Fairbanks Rep. David Guttenberg and John Coghill backed a statement that nearly every legislator voted for, which drew heavily on the Fairbanks measure and opposed “any portion of the USA Patriot Act that would violate the rights and liberties guaranteed equally under the state and federal constitutions.”

The resolution said state resources should not be used “for the enforcement of federal immigration matters, which are the responsibility of the federal government.”

It was a legislative resolution, not a statute, meaning that the contents would never carry the force of state law.

The Anchorage resolution said local government would not "Use municipal resources or institutions for the enforcement of federal immigration matters, which are the responsibility of the federal government."

The local and state governments called on the Congress to correct the Patriot Act to protect individual rights. There was nothing about “sanctuary cities,” a term without definition that meant whatever someone guessed.

On August 14, 2006, this report by the Congressional Research Service alleged in a footnote on page 26 that Anchorage and Fairbanks had “sanctuary policies,” but provided no details. The report also claimed that the state had a policy providing “sanctuary for unauthorized aliens.”

That went far beyond the 2003 state resolution and there was nothing in the Juneau debate that preceded the legislative vote to justify that claim.

On August 30, 2007, the Congressional Research Service deleted its sanctuary claims from a revised version of the report, but it failed to explain its error.

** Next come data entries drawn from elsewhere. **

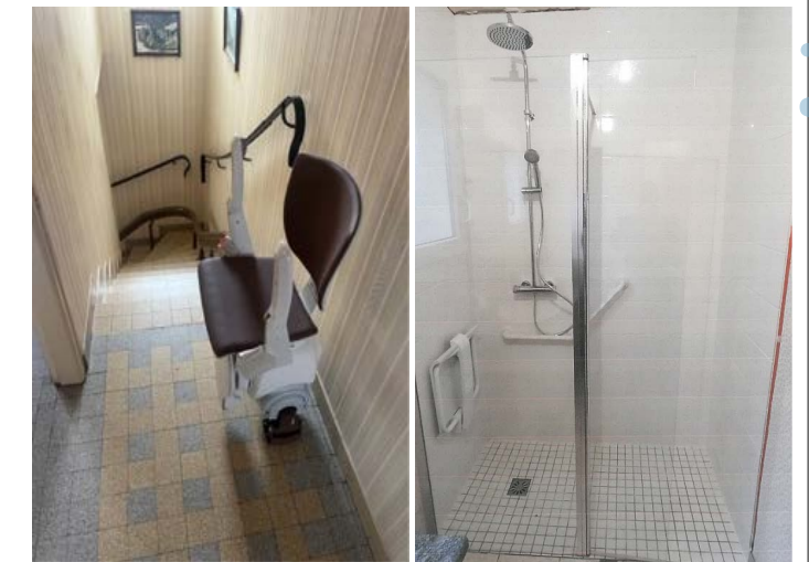
Installation d'un monte-escaliers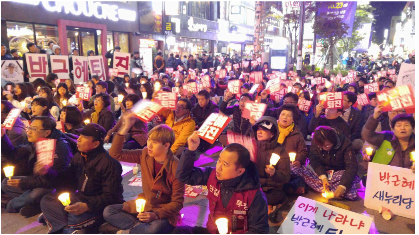
대통령 퇴진 촉구하는 충북도민들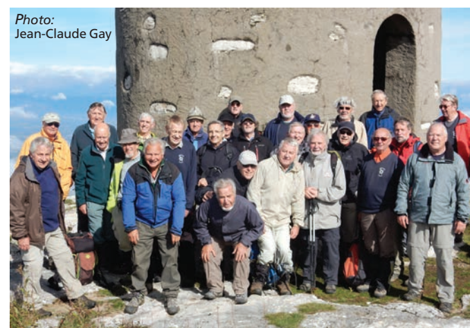
Les Jeudistes A & B au Grand Piton le 8 octobre.

service à gogo, a été très apprécié autant pour la qualité de la cuisine que pour son prix imbattable!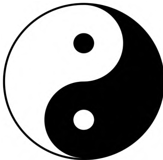
Slika 2. Yin i Yang 41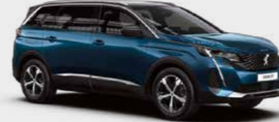
Celebes Blue أزرق سيليس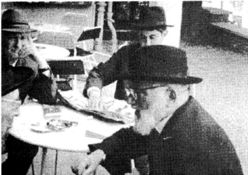
יחד נאמן, מוסף שבת קודש

רבי אליהו ברוך הוסיף ביחס למעשה זה: אף שרבי איסר זלמן בוודאי היה ראוי, אני לא הייתי עושה את זה, אמר ר'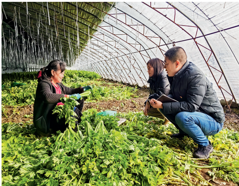
静海区纪检监察干部深入乡镇果树种植基地向群众了解相关情况

在开展“激励担当作为年”活动上聚力用劲。具体化落实“三个区分开来”,突出严管厚爱相结合、激励约束并重,打造领导为干部担当、机关为基层担当、政府为企业担当的“担当生态链”,在招商引资、项目建设、生态环保等重点领域,稳慎精准问责,持续加大容错纠错、澄清正名、回访教育工作力度,严肃查处诬告陷害行为,用好考核指挥棒,营造干部敢为、企业敢干、群众信任的良好发展环境。✎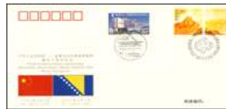
10 J. Dipl. Bezieh. m. Bosn.Herzeg. 03.04.2005 Chi-PFTN WJ 154 2,00 €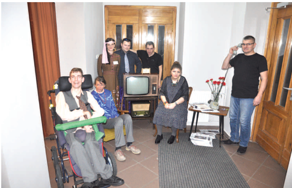
Pracownia gospodarstwa domowego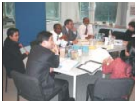
Discusión de grupo de trabajo

La reunión procedió a examinar toda una serie de asuntos relacionados con la declaración de objetivos y la definición de la Red UNEVOC, su gestión y su gobierno, las funciones y responsabilidades de sus asociados.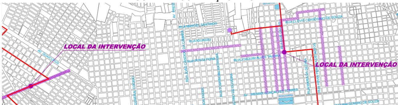
FIGURA 1 – LOCALIZAÇÃO DA OBRA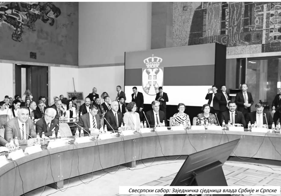
Свесрпски сабор: Заједничка сједница влада Србије и Српске

Скупштина српског народа у БиХ на засједану у Бањалуци, 12. маја 1992. године, донијела је одлуку о формирању Војске РС. Постојала је од 12.5. 1992. до 1.1.2006. године, након чега је ушла у састав Оружаних снага БиХ. Кроз Војску РС прошло је 210.000 бораца, а 23.801 њен припадник положио је живот у Одбрамбено-отаџбинском рату за одбрану Српске.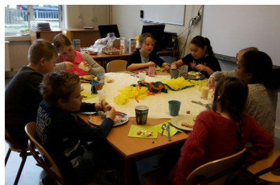
Hierboven een foto van het lenteontbijt in groep 5/6.

Al deze nieuwe zaken zorgen voor een gevoel van een frisse lente start!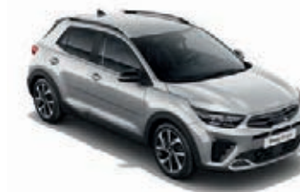
Seidensilber Met. (4SS)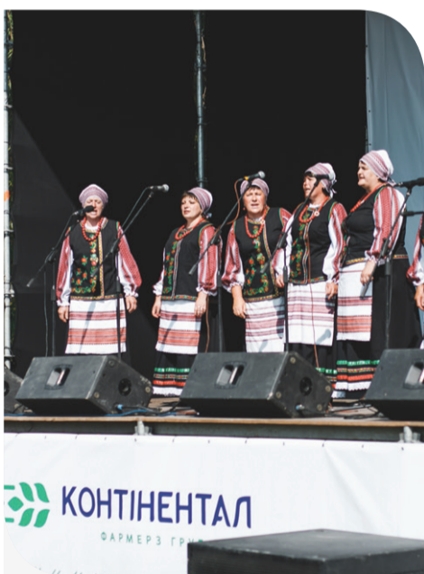
У святі взяли участь народні колективи

районі. Фестивальне дійство зібрало гостей із різних куточків Західної України. Кожен міг знайти розвагу до душі: безкоштовні частування, силові змагання, козацький куток, дитяча зона, ну і, звичайно, ярмарок.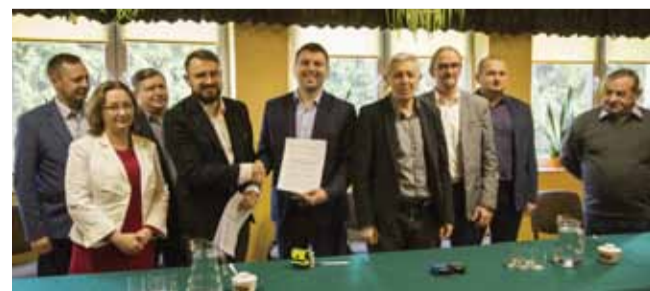
W podpisaniu umowy przez wójta z wykonawcą uczestniczyli radni gminy i powiatu, dyrektor Zarządu Dróg Powiatowych Janusz Wolski oraz władze sołeckie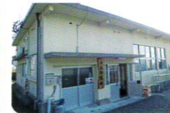
～遠見区(幸脇地区)自治公民館～

「高見橋通り区自治公民館」の空調設備を設置しました。夏期にも活動や会議を開催できるようになりました。「遠見区自治公民館」の大広間を改修しました。百歳体操や交流活動がより活発になり、子どもたちや高齢者の健康や地域のつながりに役立っています。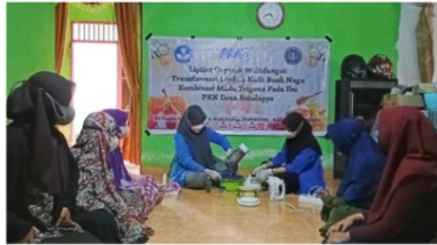
Gambar 3 Proses Pelatihan Bersama Mitra Secara Luring

Adapun alat dan bahan yang diperlukan dalam pembuatan Liptint Organik Multifungsi dilihat pada tabel 2 berikut ini.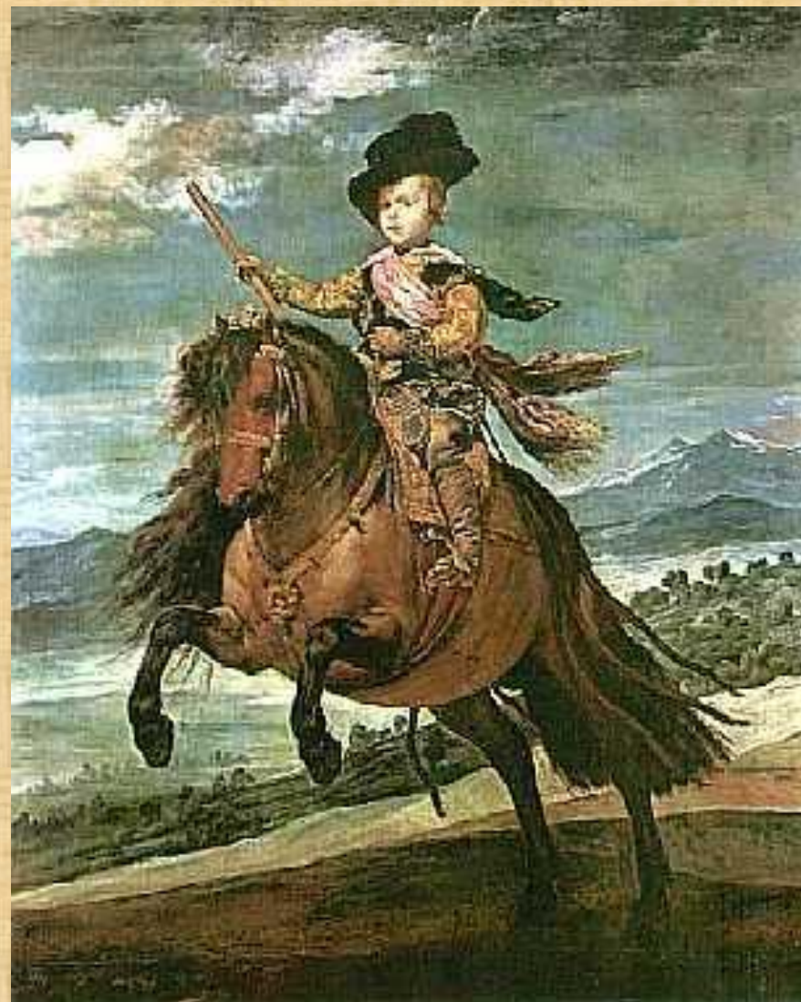
Диего Веласкес «Портрет принца Балтазара Карлоса».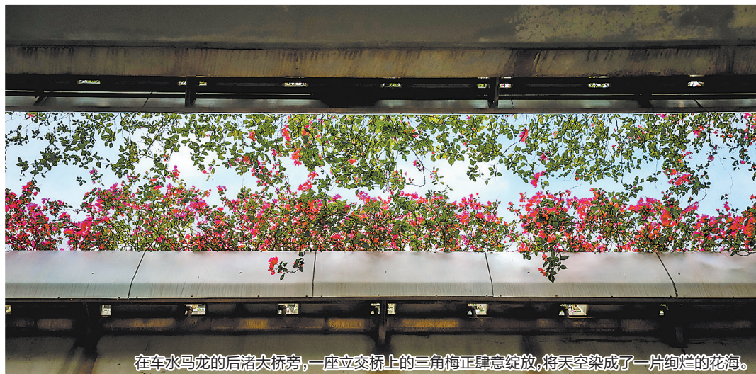
在车水马龙的后渚大桥旁,一座立交桥上的三角梅正肆意绽放,将天空染成了一片绚烂的花海。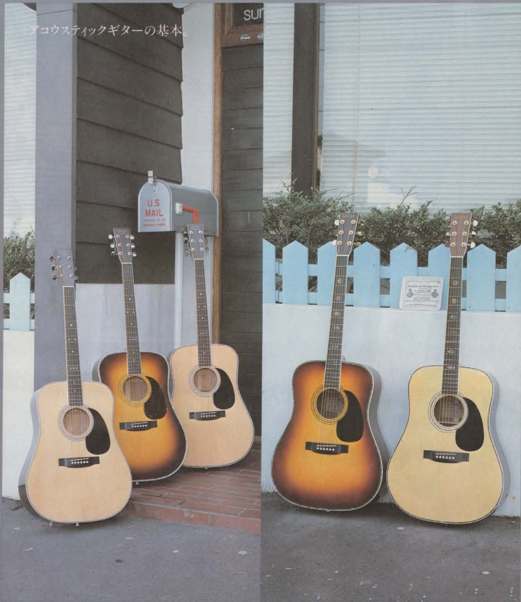
(左から)TCE20・TCE25・TCE25ST・TCE25・TCE30・TCE30・TCE35・TCE35ST・TCE35・TCE35ST・TCE35・TCE35ST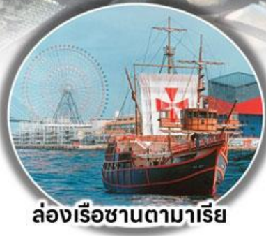
ล่องเรือซานตามาเรีย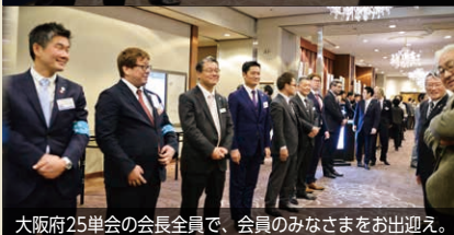
大阪府25単会の会長全員で、会員みなさまをお出迎え。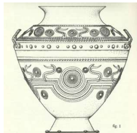
Fig. 1 - Vaso bronzeo rinvenuto nella necropoli dei Quattro Fontanili a Veio. Si tratta di un’elegantissima rappresentazione sintetica della barca solare con le due protomi di cigno che, nella loro contrapposizione, mostrerebbero il movimento periodico delle migrazioni di questi volatili che conducono Apollo agli Iperborei.

ce, è affiancato da cigni, che lo trainano lungo nel suo viaggio sul fiume Oceano.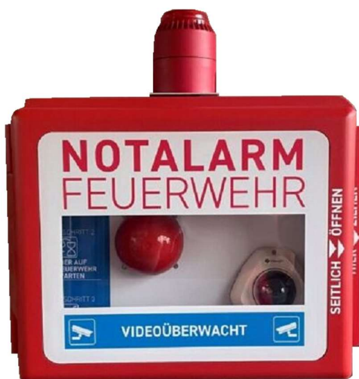
Notalarmbox beim Eingang zum Feuerwehrmagazin Mellingen

Die Feuerwehr Regio Mellingen (Mägenwil, Mellingen, Tägerig und Wohlenschwil) stellt sich der veränderten Risikolage und bietet eine neue Möglichkeit zur Notalarmierung.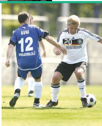
In der „Writers League“ spielt die Nationalmannschaft der Autoren gegen internationale Schriftstellerteams. Foto: Regisseur Sönke Wortmann im Spiel gegen Israel.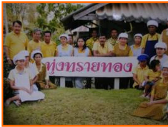
สมาชิกภายในกลุ่มสมุนไพรทุ่งทรายทอง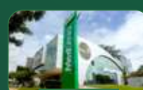
Brasília | Asa Sul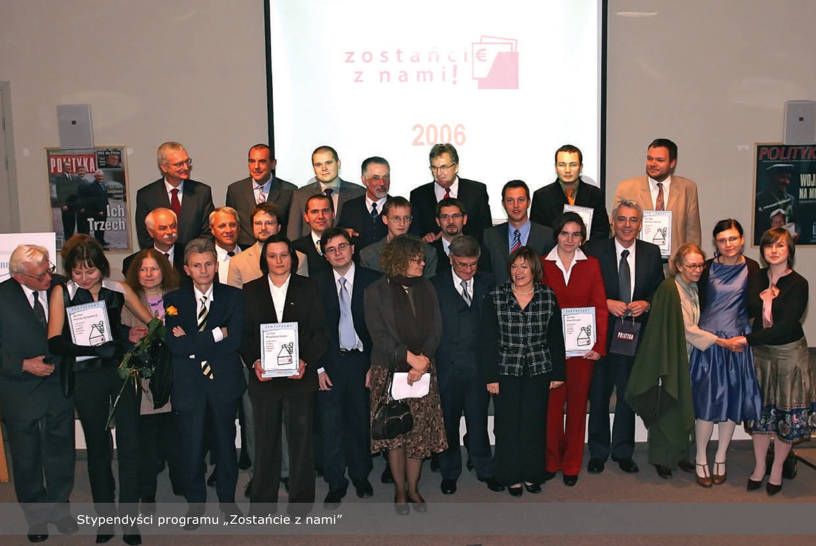
Stypendyści programu „Zostańcie z nami”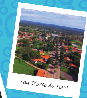
Pau D'arco do Piauí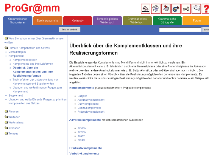
Abb. 1: Die Komplementklassen in ProGr@mm

Im Jahr 2004 begann eine neue Forschungsphase, die den kontrastiven Aspekt mit einbezieht. 6 Ziel des Projekts ist es, die grundlegenden Inhalte der Grammatik auf Deutsch zu beschreiben und gleichzeitig eine kontrastive Analyse im Hinblick auf einige größere europäische Sprachen (Französisch, Italienisch 7 , Ungarisch, Polnisch und Norwegisch) durchzuführen.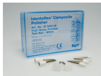
Identoflex Composite – ID 5501/8 набор полиров для зеркального блеска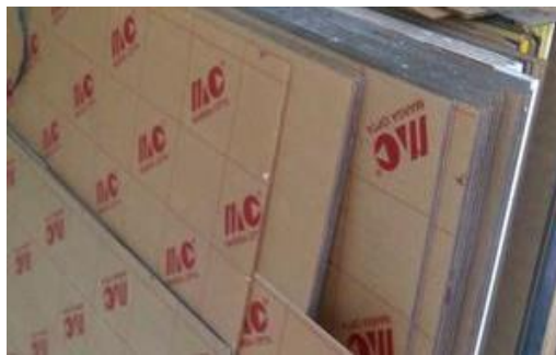
Gambar 3.2. Acrylic sebagai papan penutup

Bilik sterilisasi ditutup menggunakan Acrylic untuk menutupi bagian bilik meliputi bagian samping kanan dan kiri, belakang, depan atau pintu, dan atas dengan tebal 1,5 mm. Acrylic dipilih karena transparan, ringan, dan mudah dikerjakan. Acrylic yang digunakan disajikan pada Gambar 3.2.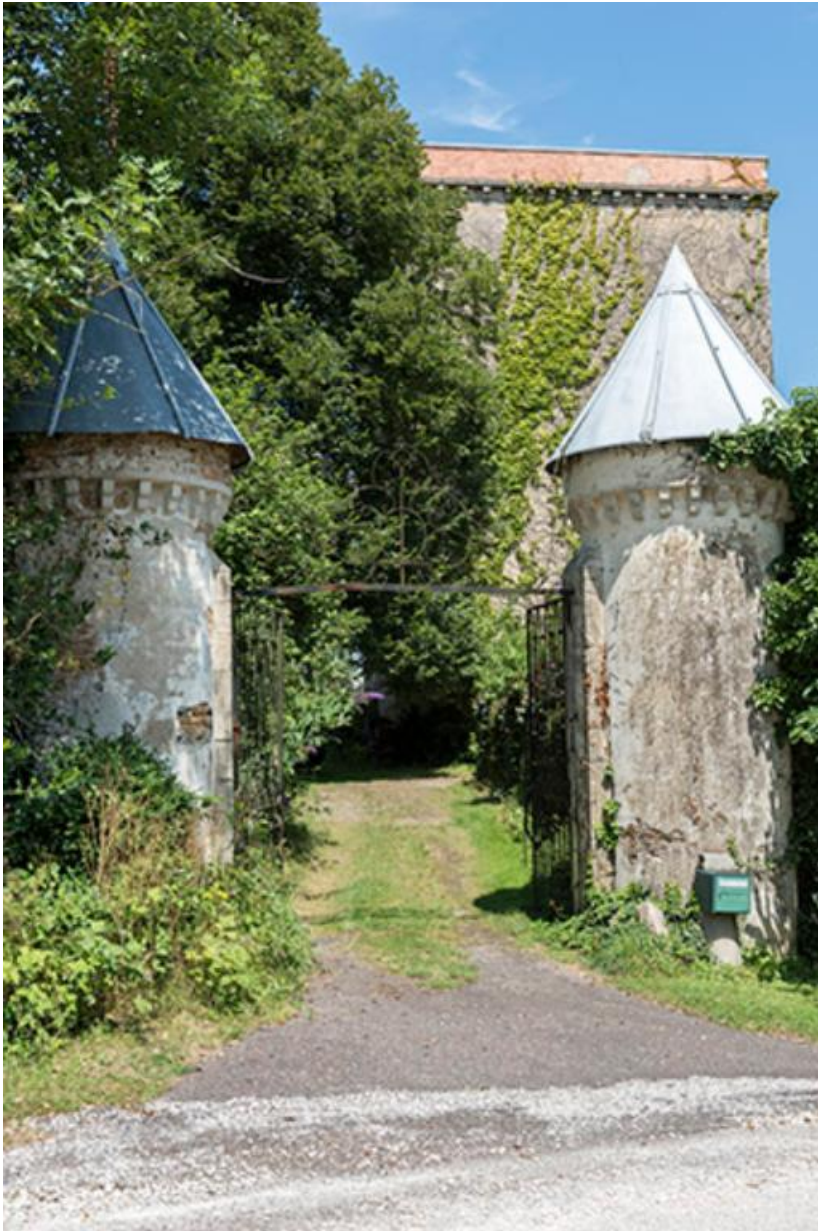
Tourelles et portail d'entrée au château.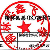
柳林县县(区)级预算部门(单位)项目支出绩效目标表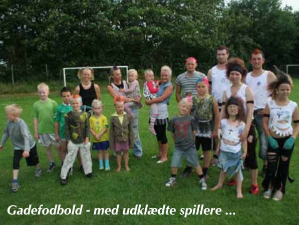
Gadefodbold - med udklædte spillere ...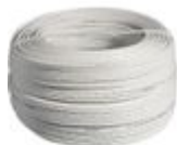
336905 Cavo specifico per BUS/SCS non schermato...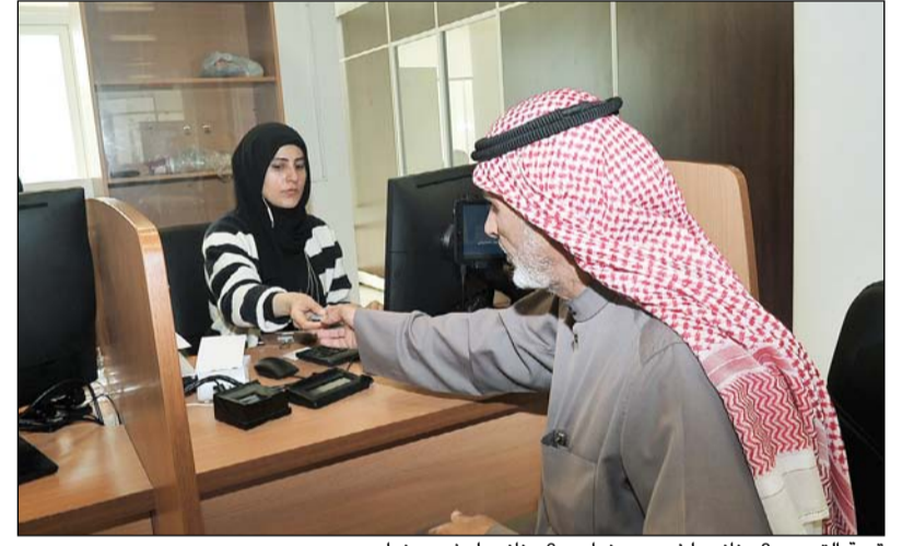
قيمة التجديد 3 دنانير لخمس سنوات و6 دنانير لعشر سنوات

That did not stop people with access to the internet from repeating and amplifying claims about Alaska sanctuary cities. Right-wing talker Bill O’Reilly was a prime culprit.

O’Reilly, who says “trust is earned,” still falsely lists Fairbanks and Anchorage as sanctuary cities on his website.

Then there was a man in Ohio who got donations to start a website he calls the Ohio Jobs and Justice PAC, which propagated the lie about Fairbanks and Anchorage.

PAC does not mean political action committee on Steve Salvi’s amateur hour website, but “people against corruption.”

In 2007, when my late brother Pat was the chief of staff for Fairbanks City Mayor Steve Thompson, a legislative aide called him to ask if Fairbanks was a sanctuary city.

“What’s a sanctuary city?” my brother said, recounting the story to reporter Chris Eshleman.

The city mayor and council said the city would would not obstruct federal authorities.

In time, Fairbanks and Anchorage were removed from the Ohio list of sanctuary cities. A disclaimer was added to say this all started with the Congressional Research Service.

In Anchorage, after a dispute about the meaning of the 2003 resolution, a federal Immigration and Customs Enforcement agent wrote a letter in 2007 saying Anchorage was not a sanctuary city.

Still, the assembly rescinded the measure on a 7-4 vote that year, saying it would be OK to use municipal resources to cooperate with the feds on immigration.

In 2015, the issue arose again and the assembly approved a resolution saying Anchorage was not and had never been a sanctuary city.

In her press release attacking some 600 governments across the country, Noem attacked “sanctuary city politicians” and accused them of breaking the law. She suggested that criminal charges are in the offing.

A competent cabinet secretary would check the facts first.